Now it is clear why "all Corps personnel" had to get flash lights. The building was without lights and electrical power for many - if not all - "wet" tests conducted on the pump units and the drive units after dark for many weeks. One only has to read the memo and the attachments to see that there were such tests conducted nearly every night. All of this was confirmed by MWI's spokesperson, Mike Powers, in the Gambit article. Powers claims generators for lights were brought in later (assumedly after the timespan of Ms. Garzino's memo, which covers April, 2006. Of course, the testing was about 2/3rd's done by the time she handed in her memo, so we'd only be talking about around two more weeks before testing was finished.). However, even a single night without lighting should be unacceptable to any company that truly values its' employees' safety and the safety of federal employees working in its facility. That such a situation continued for weeks - apparently without any additional attention from the state fire marshall or OSHA - is scary. Finally, if this haphazard approach to testing is typical, what questions does it raise about the construction and assembly of the pumps?


  • Wow. The more you dig the scarier it gets!

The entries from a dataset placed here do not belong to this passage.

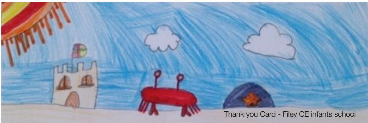
Thank you Card - Filey CE infants school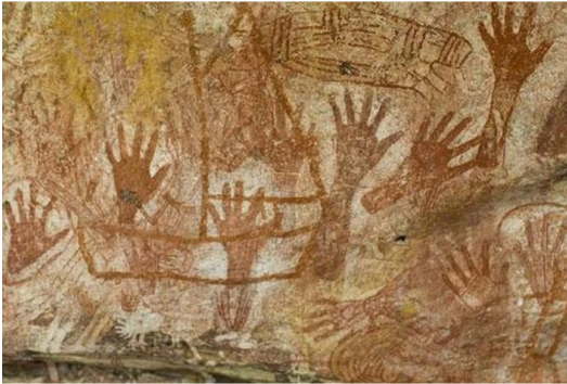
Image 2. Pictures of corrosion on cave walls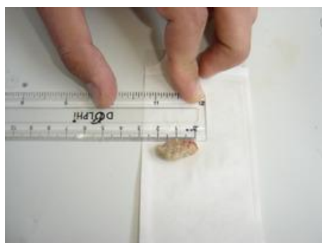
The stone after removal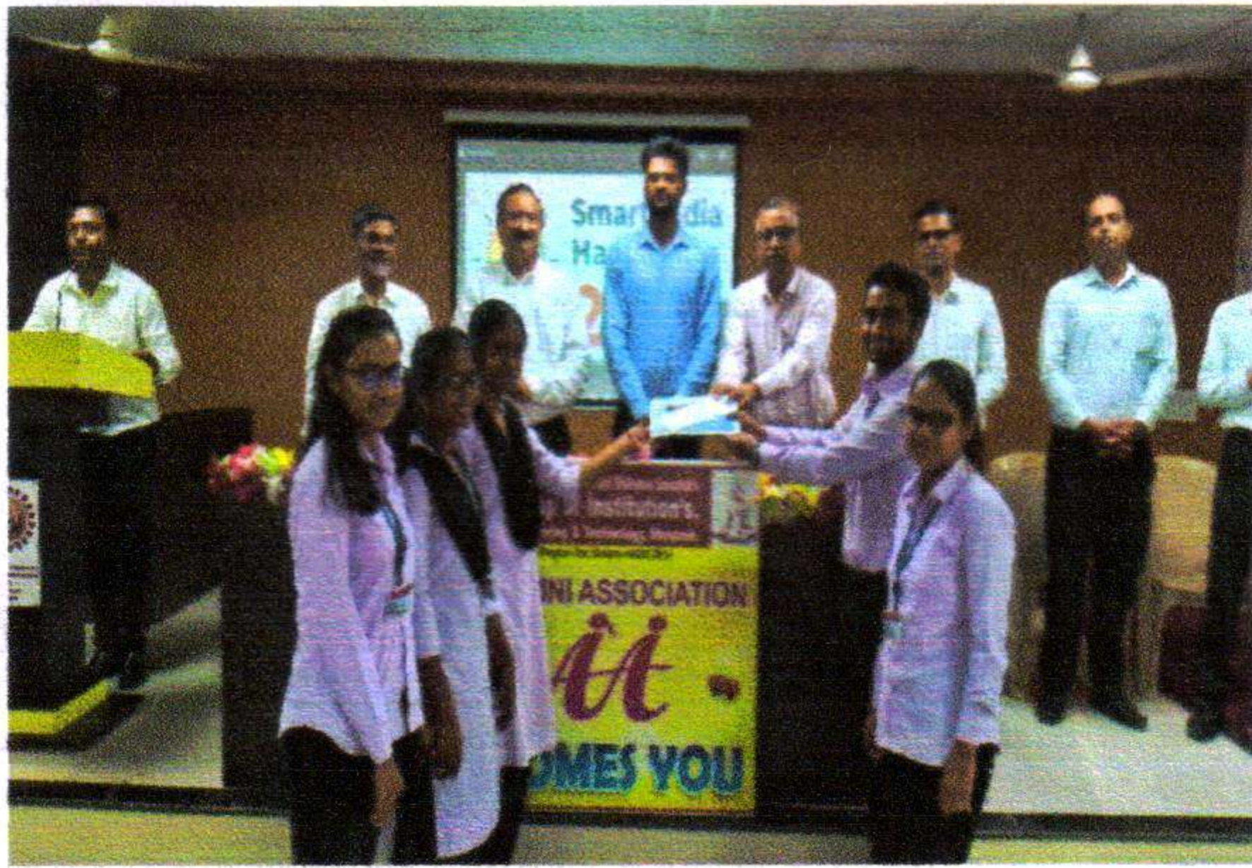
Prize Distribution Rs 2100 to First Winner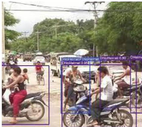
Fig 3: A Swin Transformer-Based Approach

proposes an enhanced YOLOv5m and LPRNet model-based automobile license plate identification technique. Based on an analysis of the YOLOv5m algorithm and the image features of the vehicle license plate, the algorithm is refined in three ways: the matching degree between the anchor frame and the detection target is enhanced via the K-means++ algorithm; the NMS method is refined via the DIOU loss function; and the feature map with 20 \times 20 is eliminated to decrease the number of detection layers. Without character segmentation, license plate character recognition is achieved using a lightweight LPRNet network. A license plate recognition system based on the IYOLOv5m-LPRNet model is built by combining the enhanced YOLOv5m algorithm with the LPRNet network. The authors suggested a few methods to increase license plate detection accuracy. The multidimensional clustering of label data sets using the K-means++ method can significantly shorten the time it takes the model to locate the anchor.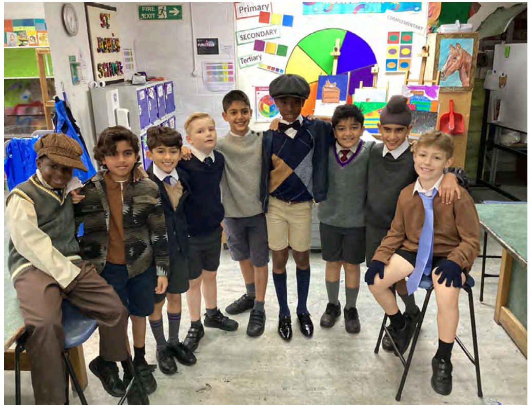
5 Endurance evacuees looking forward to their exciting day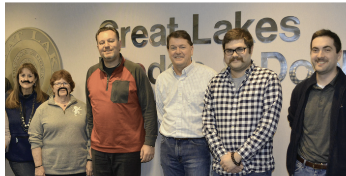
Movember Men's Health Awareness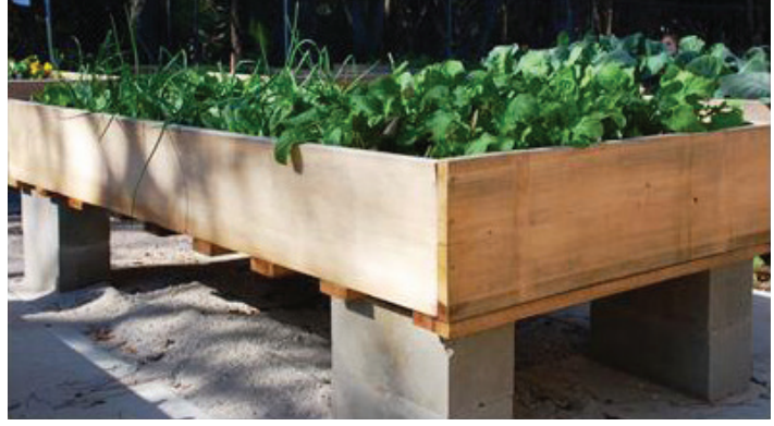
Figure 1. Example of an elevated raised bed ideal for individuals in wheel chairs or for those who cannot bend over.

Raised beds offer many advantages. Traditional gardening takes a toll on knees and backs, whereas gardening in raised beds helps save the joints (Figure 1). Many gardeners cannot grow vegetables in traditional gardens because soils are poor, too wet, compacted, or plagued with nematodes and other soilborne pests. Raised beds allow you to control the soil to avoid these issues. Another plus is that soils aboveground heat up more quickly so you can get a jump on the spring gardening season. Also, raised beds are typically more productive than in-ground vegetable gardens because the planting medium is easier to improve and there is no wasted space for walkways between rows.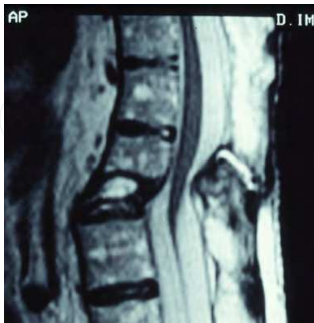
Fig. 2. Lateral MRI of the same case with a Chance type of fracture at T12-L1 level.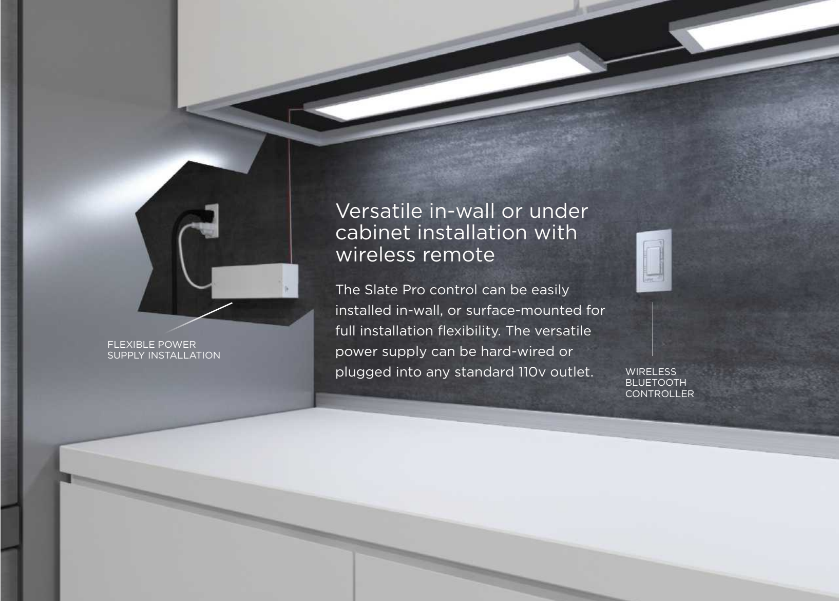
FLEXIBLE POWER SUPPLY INSTALLATION

    By Blogger spocko, at March 26, 2007 2:38 PM  

  • OSHA Regulatory Impact
    Here are some of the changes in industrial safety regulation brought about by OSHA:

    • Guards on all moving parts - By 1970, there were guards to prevent inadvertent contact with most moving parts that were accessible in the normal course of operation. With OSHA, use of guards was expanded to cover essentially all parts where contact is possible.
    • Permissible exposure levels (PEL) - Maximum concentrations of chemicals stipulated by law for chemicals and dusts. They cover only around 600 chemicals and most are based on research from the 1950's and 1960's
    • Personal protective equipment (PPE) - broader use of respirators, gloves, coveralls, and other protective equipment when handling hazardous chemicals; goggles, face shields, ear protection in typical industrial environments
    • Lockout/tagout - In the 1980s, requirements for locking out energy sources in an "off" condition when performing repairs or maintenance
    • Confined space - In the 1990s, specific requirements for air sampling and use of a "buddy system" when working inside tanks, manholes, pits, bins, and similar enclosed areas
    • Hazard Communication (HazCom) - Also known as the "Right to Know" standard, it was issued as 29CFR1910.1200 in November 25, 1983 (48 FR 53280, requires developing and communicating information on the hazards of chemical products used in the workplace.
    • Process Safety Management (PSM) - Issued in 1992 as 29CFR1910.119 in an attempt to reduce large scale industrial accidents. Although enforcement of the standard has been spotty, its principles have long been widely accepted by the petrochemical industry.
    • Bloodborne Pathogens (BBD)- In 1990, OSHA issued a standard designed to prevent health care (and other) workers from being exposed to bloodborne pathogens such as hepatitis B and HIV.